26. Mai - Eine bemerkenswerte Europawahl: Fast eine Woche nach Ausbruch der Ibiza-Affäre wird in Österreich das Europäische Parlament gewählt. Die Wahl ist in mehrerlei Hinsicht bemerkenswert. Die beiden Regierungsparteien nehmen keinen wirklichen Schaden durch das Skandal-Video. Die ÖVP liegt weit voran und legt zu. Die Freiheitlichen verlieren nur wenig und erreichen fast ein Fünftel der Wähler. Strache bekommt trotz Ibiza-Video 45.000 Vorzugsstimmen bei der EU-Wahl, er nimmt das Parlaments-Mandat aber schlussendlich nicht an.
Auch eine Politikverdrossenheit ist nicht zu spüren: Die Wahlbeteiligung legt um mehr als 14 Prozentpunkte zu, fast 60 Prozent der Österreicherinnen und Österreicher gehen zur Wahl.

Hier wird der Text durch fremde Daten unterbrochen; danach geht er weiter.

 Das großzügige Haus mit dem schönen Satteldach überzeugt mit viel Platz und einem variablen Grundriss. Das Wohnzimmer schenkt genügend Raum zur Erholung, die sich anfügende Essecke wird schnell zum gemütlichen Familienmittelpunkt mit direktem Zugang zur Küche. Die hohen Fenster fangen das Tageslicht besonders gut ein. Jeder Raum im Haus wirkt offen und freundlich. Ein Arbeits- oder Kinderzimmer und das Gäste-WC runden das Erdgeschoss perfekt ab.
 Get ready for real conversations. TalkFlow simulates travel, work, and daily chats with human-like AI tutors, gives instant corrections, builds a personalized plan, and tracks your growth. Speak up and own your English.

27. Mai - Der Sturz von Sebastian Kurz: SPÖ, FPÖ und Jetzt bringen ein historisches Misstrauensvotum gegen Kurz im Parlament ein, das ihn samt seines kurz davor vorgestellten Übergangskabinetts stürzt.

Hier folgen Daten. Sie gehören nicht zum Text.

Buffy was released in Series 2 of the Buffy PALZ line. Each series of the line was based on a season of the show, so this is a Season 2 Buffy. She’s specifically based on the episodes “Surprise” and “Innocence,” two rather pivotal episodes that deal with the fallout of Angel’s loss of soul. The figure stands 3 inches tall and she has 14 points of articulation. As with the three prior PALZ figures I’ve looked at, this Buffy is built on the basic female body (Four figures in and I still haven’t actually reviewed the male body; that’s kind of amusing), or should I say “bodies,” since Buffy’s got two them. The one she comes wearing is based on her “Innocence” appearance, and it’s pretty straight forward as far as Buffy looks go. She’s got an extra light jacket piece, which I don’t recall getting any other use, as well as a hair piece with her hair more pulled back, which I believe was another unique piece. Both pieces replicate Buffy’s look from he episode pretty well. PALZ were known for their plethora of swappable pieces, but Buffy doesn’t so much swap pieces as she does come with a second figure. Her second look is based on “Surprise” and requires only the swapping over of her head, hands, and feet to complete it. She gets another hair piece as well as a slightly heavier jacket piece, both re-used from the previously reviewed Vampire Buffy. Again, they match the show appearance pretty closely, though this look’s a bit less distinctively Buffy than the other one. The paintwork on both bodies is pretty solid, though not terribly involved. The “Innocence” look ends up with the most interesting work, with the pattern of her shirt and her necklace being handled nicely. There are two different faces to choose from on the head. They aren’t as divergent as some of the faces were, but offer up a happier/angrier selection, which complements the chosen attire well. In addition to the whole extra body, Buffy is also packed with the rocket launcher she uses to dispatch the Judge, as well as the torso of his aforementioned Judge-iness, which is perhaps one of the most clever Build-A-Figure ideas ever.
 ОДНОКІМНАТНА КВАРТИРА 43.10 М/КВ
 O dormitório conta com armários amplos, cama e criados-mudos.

30. Mai - Die erste Kanzlerin Österreichs: Bundespräsident Alexander Van der Bellen stellt die Präsidentin des Verfassungsgerichtshofs Brigitte Bierlein als interimistische Kanzlerin vor. Vizekanzler und Justizminister wird der ehemalige Verwaltungsgerichtshof-Präsident Clemens Jabloner. Am 3. Juli wird die Übergangsregierung angelobt. Politische Zurückhaltung bis zur Übergabe an eine neue Regierung nach der Wahl, lautet die Devise des Kabinetts Bierlein.
12./13. Juni, 2. Juli - Das "freie Spiel der Kräfte": Vom Verbot von Plastiksackerln und Glyphosat über die Valorisierung des Pflegegelds und Geld für den Ausbau von Ganztagsschulen bis hin zur Einführung des Rauchverbots in der Gastronomie und einem Rechtsanspruch auf den Papamonat - im Parlament finden sich nun sehr unterschiedliche Mehrheiten unter den Parteien. Beim Wahltermin am 29. September ist man sich nach Querelen dann doch einig.

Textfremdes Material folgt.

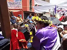 In Mexico, many communities stage processions and passion plays for Good Friday, which in some places extends into other days of Holy Week.[1] The Mexico City borough of Iztapalapa holds the largest and most elaborate of these, with up to 5,000 people participating and 150 of these with speaking roles.[1][2] While a religious event principally, it is also a community event, as only residents of the eight original communities of the borough (San Lucas, Santa Bárbara, San Ignacio, San Pablo, San José, San Pedro, La Asunción and San Miguel) can participate.[3][4] The event is popular, drawing crowds of anywhere from 2.5 million to four million from Mexico and abroad during the week that scenes are performed.[3][4][5] The play is also accompanied by news media helicopters and rows of police to keep control of the crowds.[1]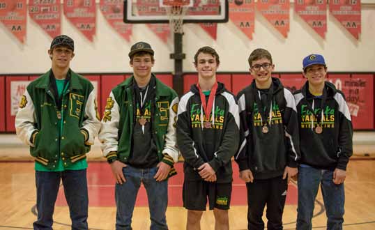 The Eureka County High wrestling team had all five of its athletes qualify for the state tournament this weekend in Winnemucca. From left, Preston Hubbard; Chris Drayton; Wyatt Anderson; Ivan Pickard and Quade Fillipinni.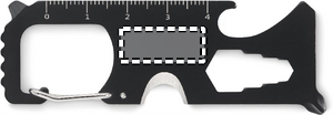 Multiverktyg i rostfritt stål för kort i fickan. 8 funktioner. Innehåller: tandsåg, avbitartång, skiftnyckel, stjärnskruvmejsel, spårskruvmejsel, måttskala, flasköppnare och nyckelring.
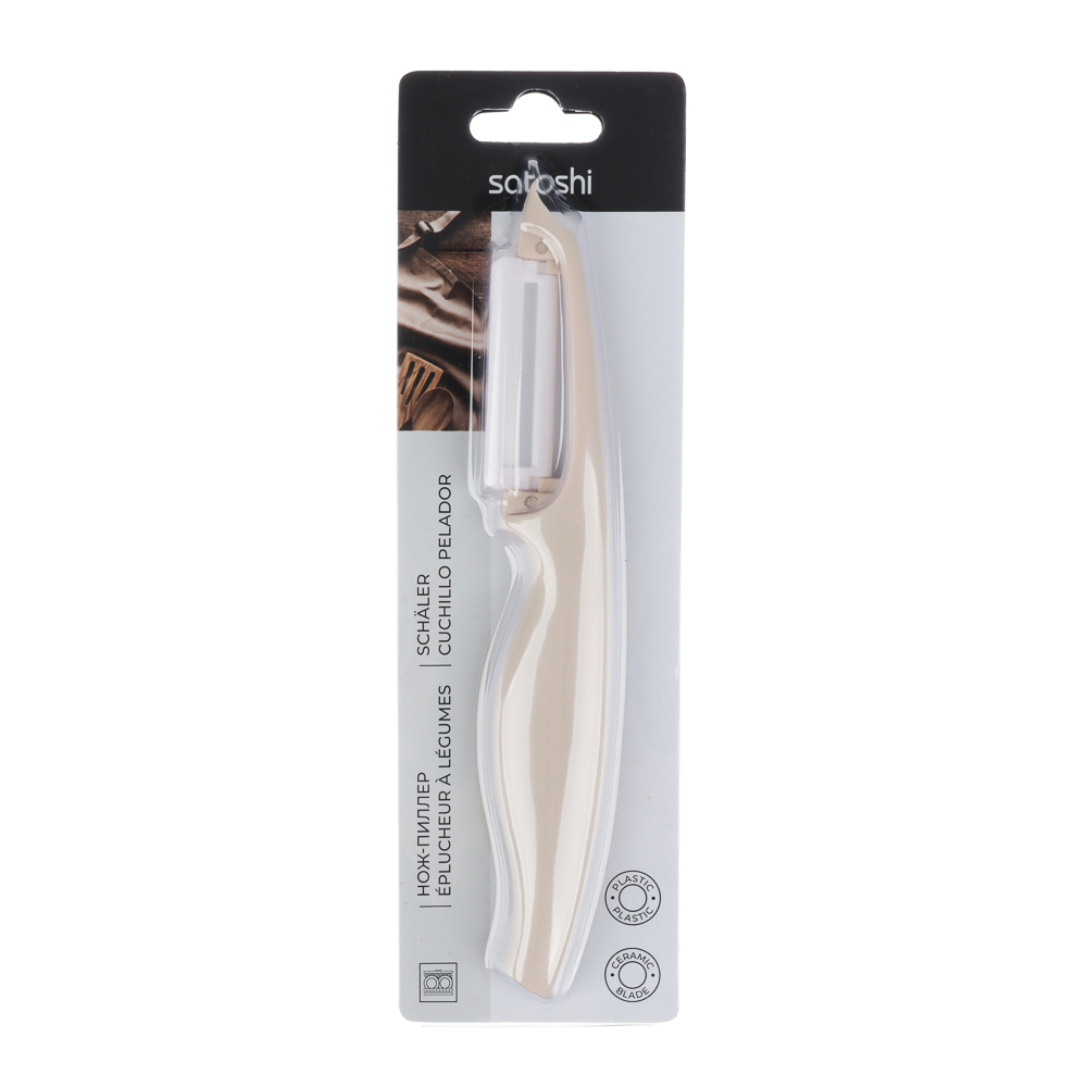 Овощечистка – незаменимая вещь на современной кухне. Овощечистка SATOSHI Дайтани с керамическим вертикальным лезвием имеет эргономичную ручку и удобно лежит в руке. Керамическое лезвие сохраняет остроту в течение длительного времени, а поворотный механизм работы лезвия увеличивает площадь соприкосновения с продуктом, позволяя максимально быстро снять кожицу с овощей и фруктов.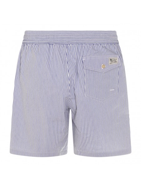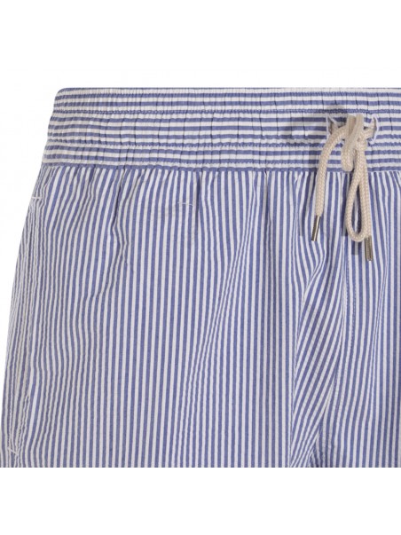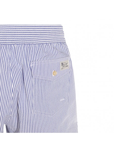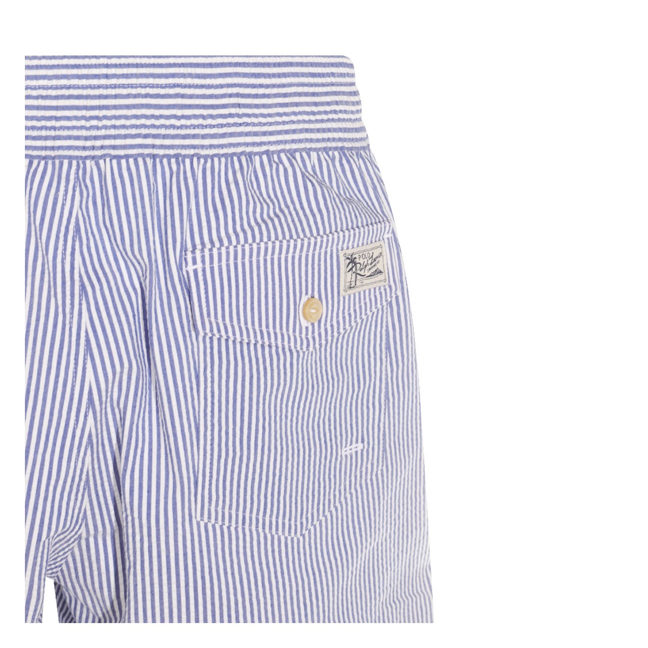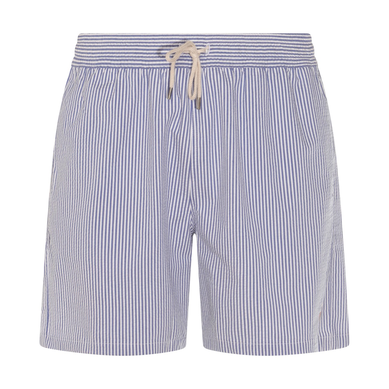 Blue cotton beachwear from Polo Ralph Lauren featuring elasticizated waist, drawstrings and pockets.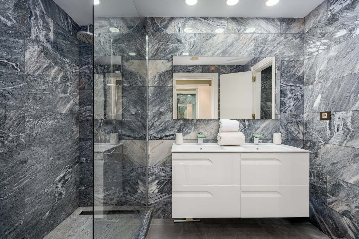 Det finns totalt tre sovrum, alla med garderober. Två sovrum har eget badrum och det finns ytterligare ett familjebadrum för det tredje sovrummet.

3. Juli - Neue Regeln für Parteispenden: Die Abgeordneten von SPÖ, FPÖ und Jetzt fixieren im Nationalrat gegen die Stimmen von ÖVP und Neos ein neues Parteiengesetz. Kernpunkte sind niedrigere Obergrenzen bei Parteispenden (höchstens 7500 Euro für die einzelne Spende und 750.000 Euro jährlich) und deutlich höhere Strafen bei Überschreitung der Wahlkampfkostenobergrenze. Größter Kritikpunkt: Geldflüsse über Vereine bleiben trotz Ibiza intransparent.
9. Juli - WKStA ermittelt gegen FPÖ-, ÖVP- und SPÖ-nahe Vereine: Nach Medienberichten über parteinahe Vereine startet die Wirtschafts- und Korruptionsstaatsanwaltschaft Ermittlungen, erst im Umfeld der FPÖ, dann auch in jenem von Gewerkschaften, SPÖ und ÖVP. Trotzdem wird später bekannt, dass der FSG-Verein "Gewerkschafter in der SPÖ" 300.000 Euro der SPÖ-Wahlkampf-Kosten übernimmt.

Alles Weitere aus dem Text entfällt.